I don’t think that we need to do a great deal of research to be able to assess how the fast pace of life has taken its toll on us, on our bodies, our minds, our very souls.  Too many young people are overscheduled, overwhelmed, anxious and depressed.  Schools are reframing their expectations and encouraging families to slow it down.  Even Harvard University sent out a letter to undergraduates — freshmen — telling them that they’ll get more out of life, and more out of Harvard, if they put on the brakes, if they do less, but give time to things, the time that things need, to enjoy them, to savor them. And even if they sometimes do nothing at all. And that letter was called “Slow Down!” — with an exclamation mark on the end.

Another person whose work I encountered, Jessica Rose Williams, writes about the importance of seasonal living, of listening to the rhythms of the seasons, of listening to nature and attuning our lives in some ways to the learning that we may draw from that.  In some ways, particularly with the weather, we need to do that, but in other ways, we have become used to seasonal food throughout the year, even though local strawberries in June, I think we’d all agree, are far sweeter than any we might purchase during the winter months.  There is nothing like Maine blueberries in August or sweet corn that is local and in season.  Now with the beauty of farmer’s markets, we can eat locally and return to some appreciation for those who grow our food and transport it to market…and it tastes so much better, doesn’t it?

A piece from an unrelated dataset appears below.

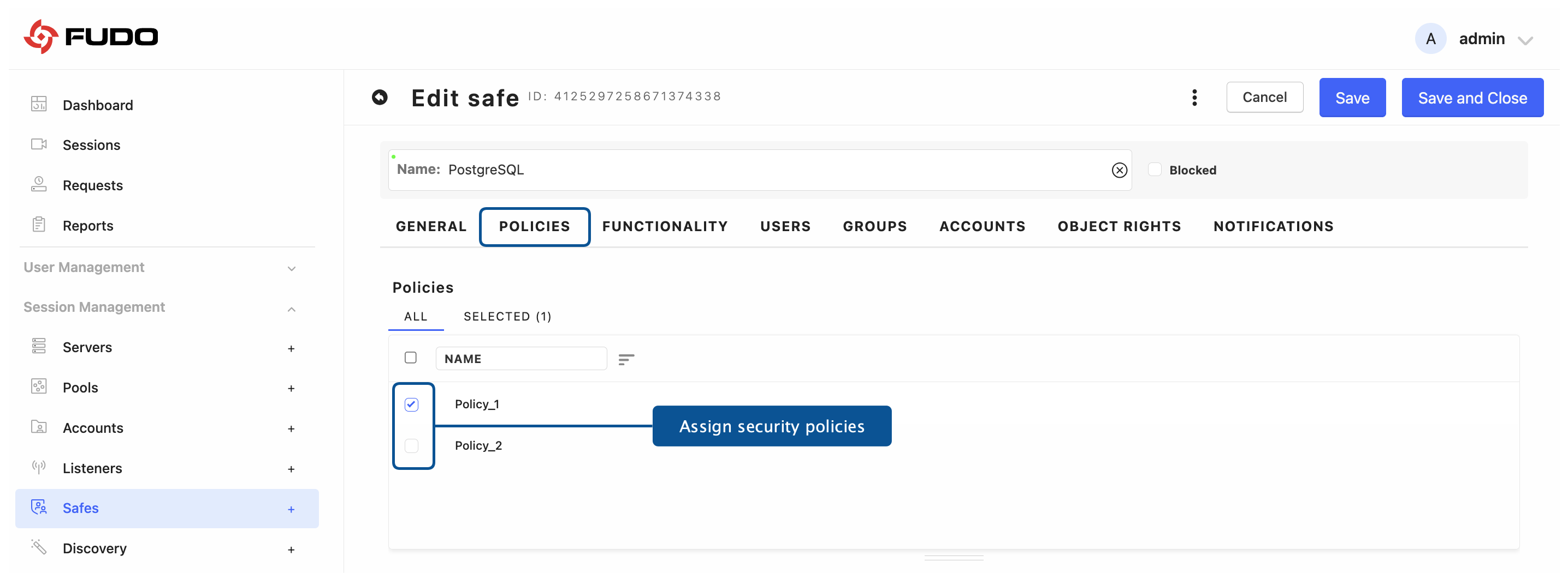 Go to the POLICIES tab, and assign desired security policies by selecting checkboxes in front of the policies names.

To everything, there is a season.  As the beauty of spring begins to unfold before us, let’s hear the invitation to delight in the joys of this very season, to open ourselves to the pace of the days and be present.  This may take some adjustments in our schedules, but it also takes a shift in our thinking, a paradigm shift, if you will.  We are invited to pause and to consider the ways we spend our time and what is most important in our lives.  That may mean we have to live with the discomfort of letting go of things we once thought were so important; we have to let go of the schedules that have taken control of us and we have to assess.  Where is the time for day dreaming, for prayer, for creativity, for silence?  Do we even have God on speed dial?   Slow us down, O Lord, slow us down that we may see the beauty of you in all of Creation.  Slow us down that we may be present to this Season of Spring, this Season of Lent and the things you are trying to tell us if only we may take time to listen.